**WORK ITEM:** Please reproduce the listing verbatim, without its images.

**GIVEN MATERIAL:**
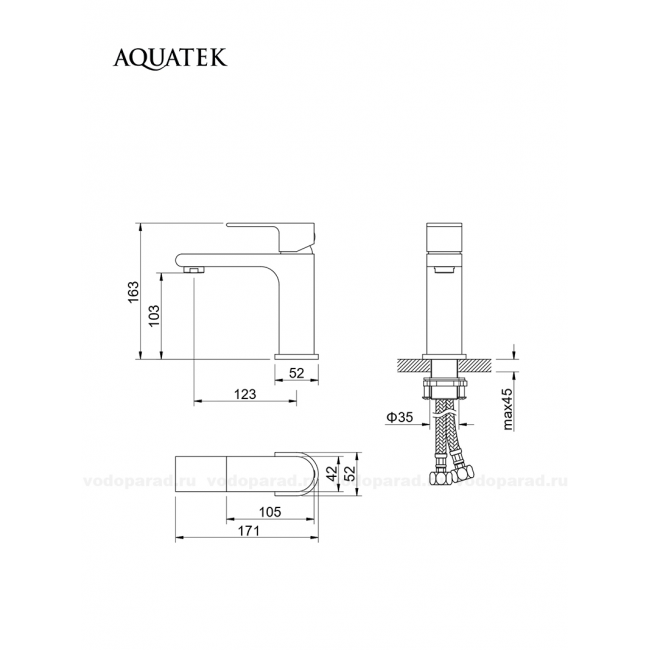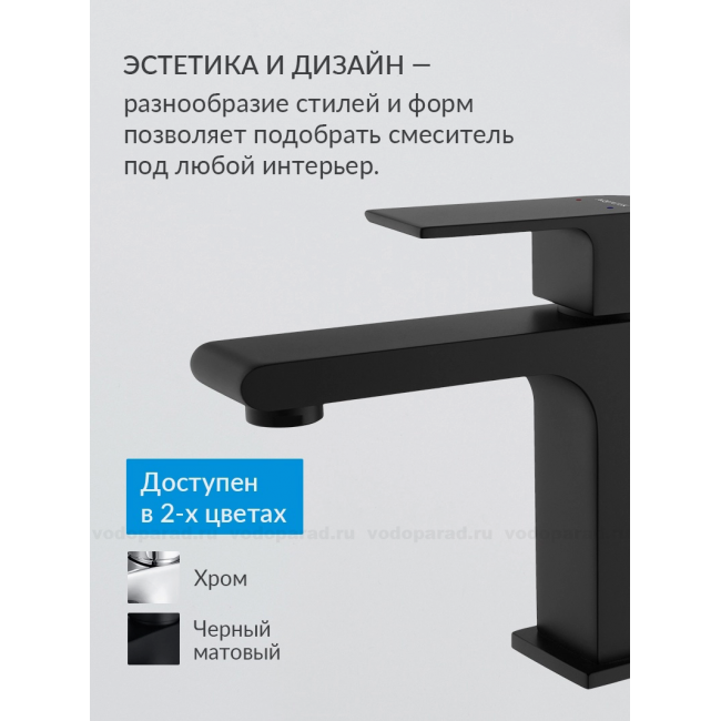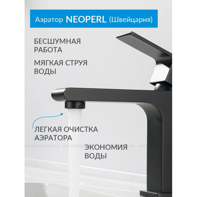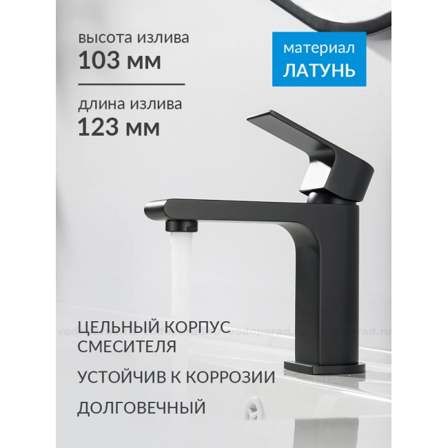 Смеситель для раковины 103, без донного клапана AQUATEK, матовый черный AQ1410MB ЛИРА купить с доставкой. 100% Оригинал. Гарантия!
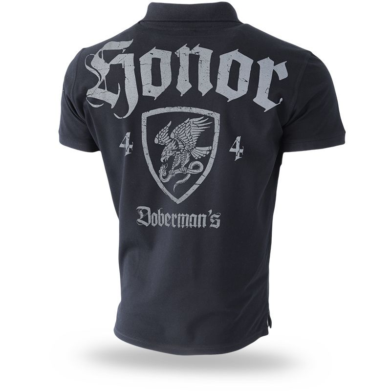 Herren-Poloshirt aus hochwertiger Baumwolle mit kurzen Ärmeln. Auf dem linken Ärmel befindet sich ein kleiner Patch mit dem Doberman´s Aggressive-Logo. Auf der Rückseite befindet sich ein 3D-Druck HONOR Dobermanns, mit dem Schild, der einen Adler zeigt, der mit seinen Krallen die Schlange fängt. Vorne links auf der Brust befindet sich eine gestickte Miniatur, das Symbol dieses Schildes.
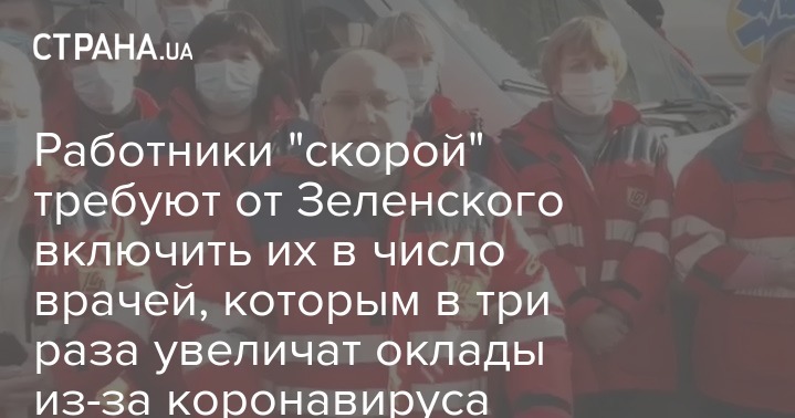 Работники службы экстренной медицинской помощи Запорожской области обратились к президенту Владимиру Зеленскому с требованием включить сотрудников неотложки в число тех врачей, которым в три раза увеличат оклады во время пандемии коронавируса.
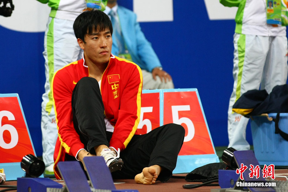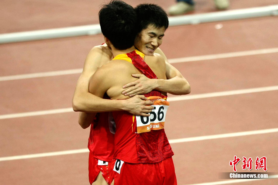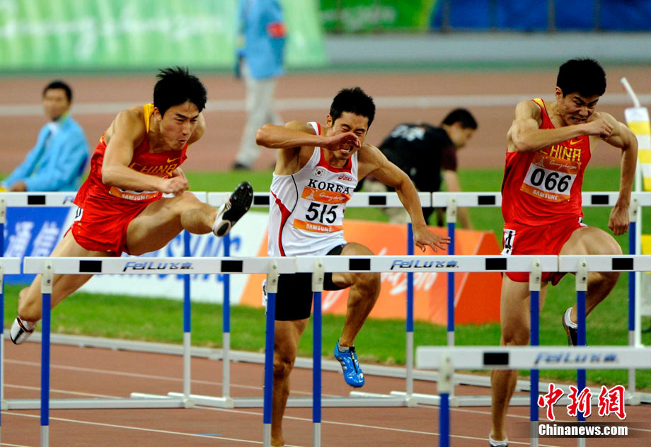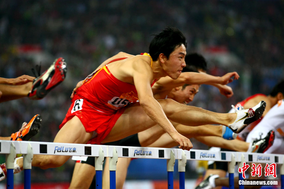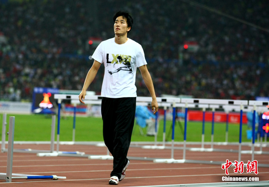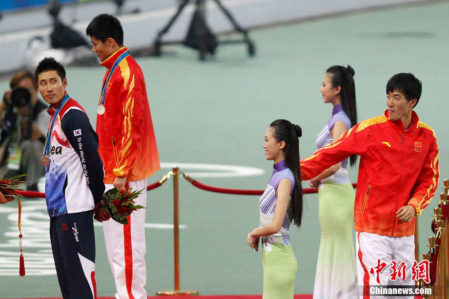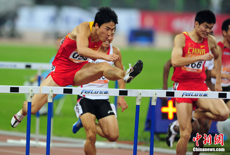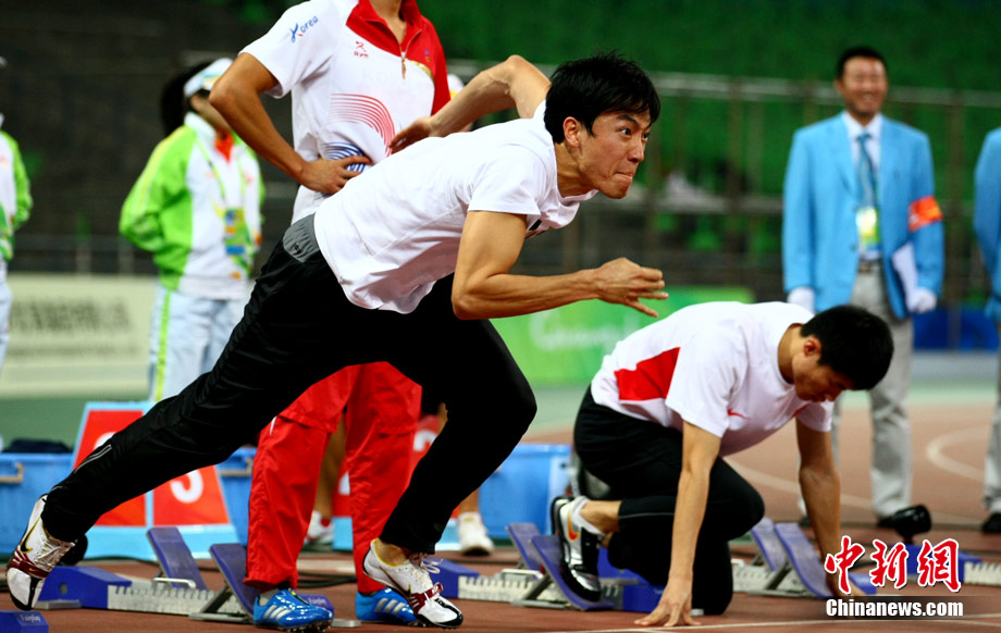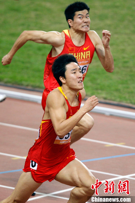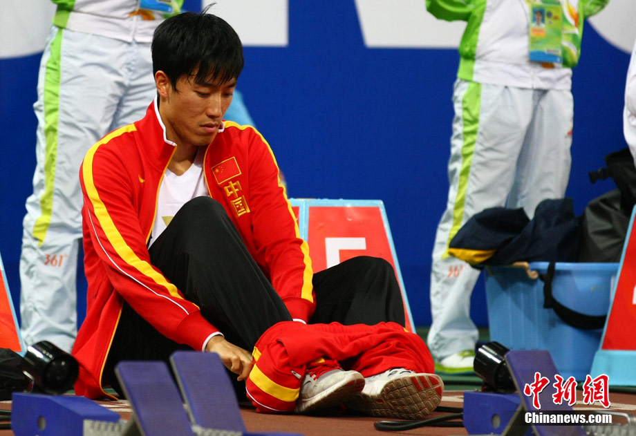 11月24日,廣州亞運會男子110米欄決賽,劉翔以13秒09的成績奪得金牌,這一成績打破了亞運會紀錄。劉翔以一場酣暢淋漓的勝利宣告了自己的回歸。圖為劉翔跳上領(lǐng)獎臺。中新社記者 富田 攝

**FINISHED EXERCISE:**
 Смеситель для раковины 103, без донного клапана AQUATEK, матовый черный AQ1410MB ЛИРА купить с доставкой. 100% Оригинал. Гарантия!
 Herren-Poloshirt aus hochwertiger Baumwolle mit kurzen Ärmeln. Auf dem linken Ärmel befindet sich ein kleiner Patch mit dem Doberman´s Aggressive-Logo. Auf der Rückseite befindet sich ein 3D-Druck HONOR Dobermanns, mit dem Schild, der einen Adler zeigt, der mit seinen Krallen die Schlange fängt. Vorne links auf der Brust befindet sich eine gestickte Miniatur, das Symbol dieses Schildes.
 Работники службы экстренной медицинской помощи Запорожской области обратились к президенту Владимиру Зеленскому с требованием включить сотрудников неотложки в число тех врачей, которым в три раза увеличат оклады во время пандемии коронавируса.
 11月24日,廣州亞運會男子110米欄決賽,劉翔以13秒09的成績奪得金牌,這一成績打破了亞運會紀錄。劉翔以一場酣暢淋漓的勝利宣告了自己的回歸。圖為劉翔跳上領(lǐng)獎臺。中新社記者 富田 攝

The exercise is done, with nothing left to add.